Besonders eindrücklich schilderte ein Jugendlicher seine Motivation im bosnischen Fernsehen: "Wenn es Jovak Divjak nicht gegeben hätte, stünde ich wahrscheinlich nicht hier, ich würde gar nicht existieren." Und damit erinnerte der junge Mann viele ältere Bewohner Sarajevos an die Rolle Jovan Divjaks bei der Verteidigung der Stadt 1992, an die ersten Kriegstage im April, als serbische Truppen die Stadt mit ihren 400.000 Einwohnern einkesselten und mit Artillerie beschossen. Jovan Divjak, selbst Serbe aus Belgrad, half als Kommandeur der sogenannten Territorialeinheiten bei der Verteidigung der Stadt.
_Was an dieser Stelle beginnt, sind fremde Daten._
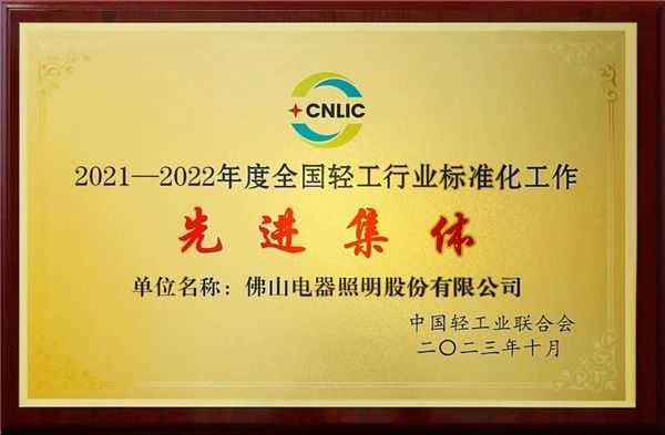 10月31日,中国轻工业联合会在北京召开2023年全国轻工行业标准化工作会议,会议宣读了2021-2022年度全国轻工行业标准化工作先进集体决定。凭借在标准化工作上的累累硕果,佛山照明荣获“全国轻工行业标准化工作先进集体”称号。

Divjak stemmte sich gegen die serbischen Nationalisten, die Bosnien erobern und mit Gewalt alle Nichtserben aus den eroberten Gebieten vertreiben wollten. Er genießt in der Stadt hohes Ansehen, auch weil er nach dem Krieg zur Versöhnung aufrief und sich mit seiner Hilfsorganisation für Waisenkinder aller Volksgruppen engagiert.

Es geht den serbischen Behörden um die Verhaftung der Schuldigen bei der Schießerei in der Dobrovoljacka-Straße am 3. Mai 1992, bei denen 42 serbische Soldaten getötet und über 70 weitere verwundet wurden. Sie wirft den damals führenden bosnischen Politikern und Militärs vor, für diesen Übergriff verantwortlich zu sein.
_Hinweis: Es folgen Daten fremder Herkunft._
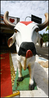 Aş fi vrut să spun tauri, dar asta e situaţia. Nu e vorba de tauri ci de doi boi: Garantido si Caprichoso. Garantido inseamna ceva de genul "cu siguranţă valoros", iar Caprichoso nu are nevoie de traducere. Ei au devenit simbolul oraşului şi reprezintă două tabere uriaşe, care se înscriu într-o luptă de trei zile, pe care o pregătesc un an întreg. Concursul constă în realizarea unei parade, ca la Rio. Câştigă cine face cele mai frumoase care alegorice, cine are cele mai frumoase si mai bune dansatoare, cine e mai spectaculos. Se dau note pe diverse categorii şi apoi o notă generală. Pentru asta sunt aduşi juraţi din întreaga Brazilie. Tot ca la Rio, şi aici e ca la fotbal: oraşul se împarte în două. Unii sunt caprichoso, de culoare albastră, iar ceilalţi - garantido, roşii. De altfel, şi teritoriul e marcat de steaguri. Chiar lângă port se află şcoala Caprichoso, cu un uriaş steag albastru, iar în partea cealaltă de oraş Garantido are un steag roşu. Ambele sunt ridicate pe stâlpi de aproximativ 20 de metri înălţime. Rivalitatea e atât de mare încât, vrând să vizităm şcoala Garantido, colegii mei cu tricouri albastre au fost sfătuiţi sa le scoată. Din păcate, şcoala s-a închis până să fi ajuns noi.

Nach der Festnahme des bosnischen Präsidenten Alija Izetbegovic am Flughafen Sarajevo durch serbische Sicherheitskräfte sollten die in einer Kaserne im Stadtzentrum Sarajevos festsitzenden serbischen Soldaten freies Geleit aus der Stadt erhalten, dafür sollte Izetbegovic wieder freigelassen werden. Als klar wurde, dass die serbischen Soldaten entgegen der Absprache auch schwere Waffen aus der Stadt bringen wollten, kam es zu den Schüssen auf die Kolonne.
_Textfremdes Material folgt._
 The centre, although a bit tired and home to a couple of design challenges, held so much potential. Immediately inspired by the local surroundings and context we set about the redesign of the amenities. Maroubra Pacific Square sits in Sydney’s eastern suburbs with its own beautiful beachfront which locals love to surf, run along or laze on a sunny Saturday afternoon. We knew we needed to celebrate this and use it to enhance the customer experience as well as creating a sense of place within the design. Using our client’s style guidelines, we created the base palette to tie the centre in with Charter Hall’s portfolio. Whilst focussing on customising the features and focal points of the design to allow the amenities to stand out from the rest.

Die Rolle Jovan Divjaks ist in einem BBC-Film dokumentiert. Auf einem Militärfahrzeug stehend rief er "Nicht schießen!". In der verworrenen Situation wurde dennoch auf die abziehende Kolonne geschossen. Für Zdravko Grebo, Rechtsprofessor in Sarajevo, ist damit tatsächlich ein untersuchungswürdiger Tatbestand entstanden, aber Divjak dafür verantwortlich zu machen lehnt er ab.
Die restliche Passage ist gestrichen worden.